Sagaponack Looks To Thin Deer Herd With Sharpshooters

authorMichael Wright on Nov 26, 2013

The Village of Sagaponack and some of its largest landowners are planning to join East Hampton Village in hiring federal government hunters to kill hundreds of deer in its fields to thin the size of the wild herd, which has become an expensive nuisance for farmers and residents.

The village last week approved spending up to $15,000 to pay for federal “sharpshooters” to kill hundreds of deer at night on village property, an effort that is also expected to be extended to land owned by several farmers in the village.

The plan for the hunt, which would take place in February and March, calls for teams of specially certified shooters working for the U.S. Department of Agriculture to use rifles, night-vision equipment and gun silencers to kill dozens of deer each night on property in the village. The carcasses of the deer would be collected and removed by the hunters each night and delivered to processors to be butchered for venison that could be donated to area food pantries.

A spokesperson for the USDA, Carol Bannerman, said that the hunters work in teams of three men: one with a gun, one acting as a spotter and the other a driver/assistant. All the hunters are USDA employees, and most are biologists or specialists and are given rigorous special safety and training on conducting the hunts, Ms. Bannerman said.

The culling effort must still win approval from the State Department of Environmental Conservation.

The discharging of rifles is illegal on Long Island for the general public, as is the use of night-vision scopes, bait and silencers for hunting—but the government hunters would be exempt from such limitations.

The Village of North Haven has conducted herd-thinning hunts twice in the last two decades, and East Hampton Village recently resolved to contract with the USDA hunters as well.

The hunts would be conducted from vehicles, stationary stands and possibly on horseback. The hunters will use piles of food, or bait, to attract deer within shooting range. The hunters will shoot only female deer so as not to upset local deer hunters by taking bucks prized as trophies.

“In general, when we do these types of operations, the first element is that the work be done safely, then humanely, and then effectively,” Ms. Bannerman said. “We have done this in a number of cities and suburban areas and national parks, and we have never had a public injury or accident. These are firearms experts, and safety is their primary goal, and then keeping the hunt as humane as possible.”

Nonetheless, the hunt is already drawing criticism from some residents. Wendy Chamberlain, a Bridgehampton resident who works as a wildlife rehabilitator, said that the hunts will result in “unbelievable carnage” and should be a concern for area residents regardless of the safety precautions.

“The idea that they’re going to be driving around in these neighborhoods at night is terrifying,” she said. “The margin of error is zero, and the potential for an accident is high.”

Ms. Chamberlain, who attended a meeting of USDA hunters and Sagaponack landowners last week, said the hunters also referred to using large nets to capture a group of deer and then execute them at close range.

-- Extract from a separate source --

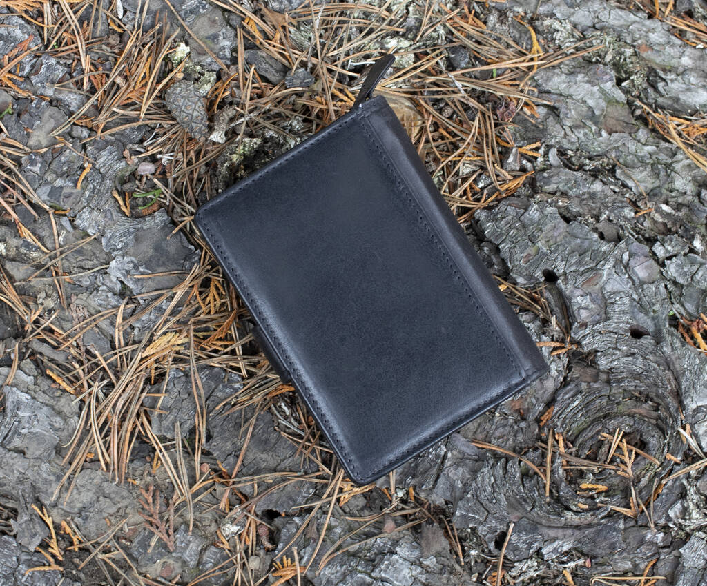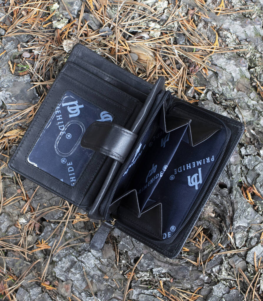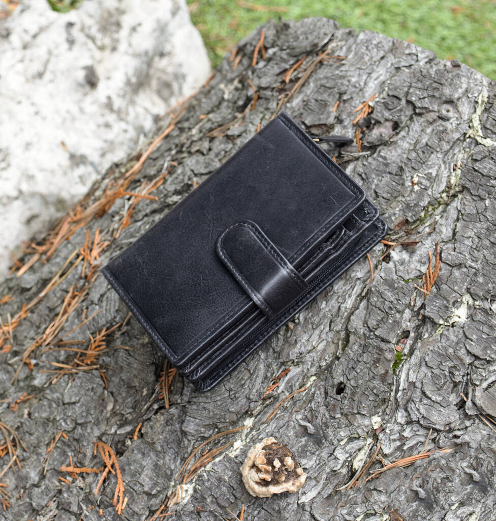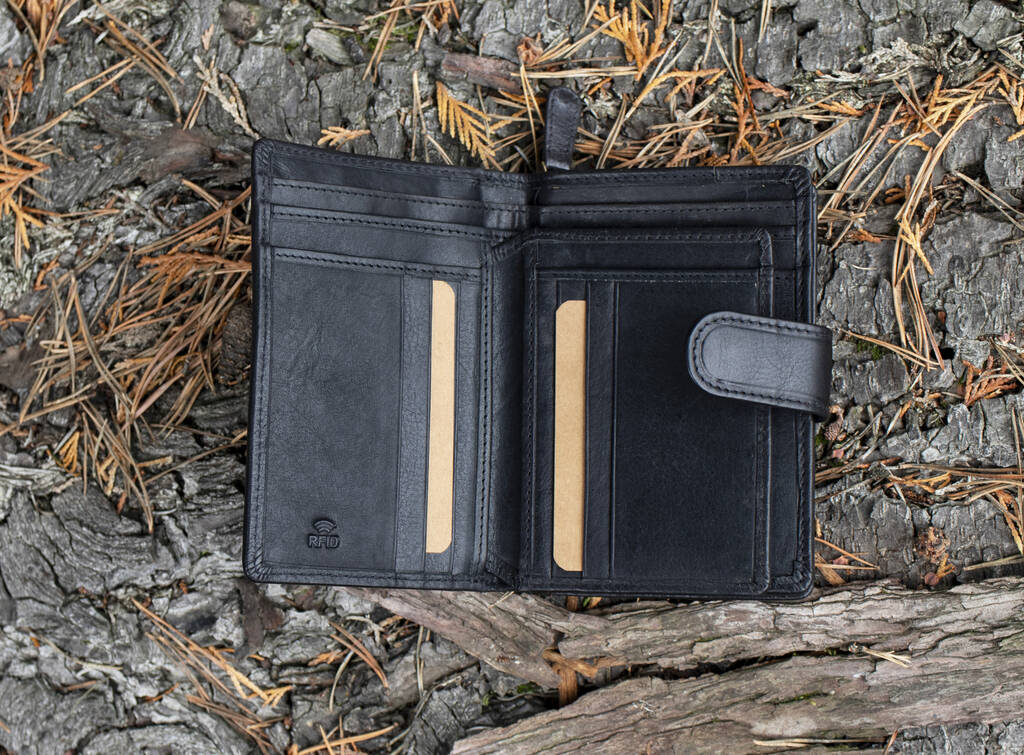 Women's Luxury Black Leather Tab Trifold Purse Rfid Protected Personsalised

Ms. Chamberlain said that wildlife biologists from Tufts University are in the final stages of drafting a comprehensive plan for municipalities and land owners to thin deer herds more humanely than hunts. She called the use of “USDA hit squads” ineffective and inhumane, regardless of the quickness of the kills.

But farmers say that the damage reaped on their crops has taken a substantial bite, literally, out of already narrow profit margins.

“It’s gotten to the point where if you don’t have a deer fence around a crop, it’s almost impossible to make a profit,” farmer Dean Foster, whose mother is the village’s deputy mayor, said while driving a tractor through one of his fields this week. “It used to be they would eat around the outside of the corn field, and you’d have some loss but nothing too bad. Now, they’re living inside the corn, and I get in my combine and say, ‘Where did it go?’ I’ve got four of them in front of me right now. They’re not scared of us anymore. They’re like rats.”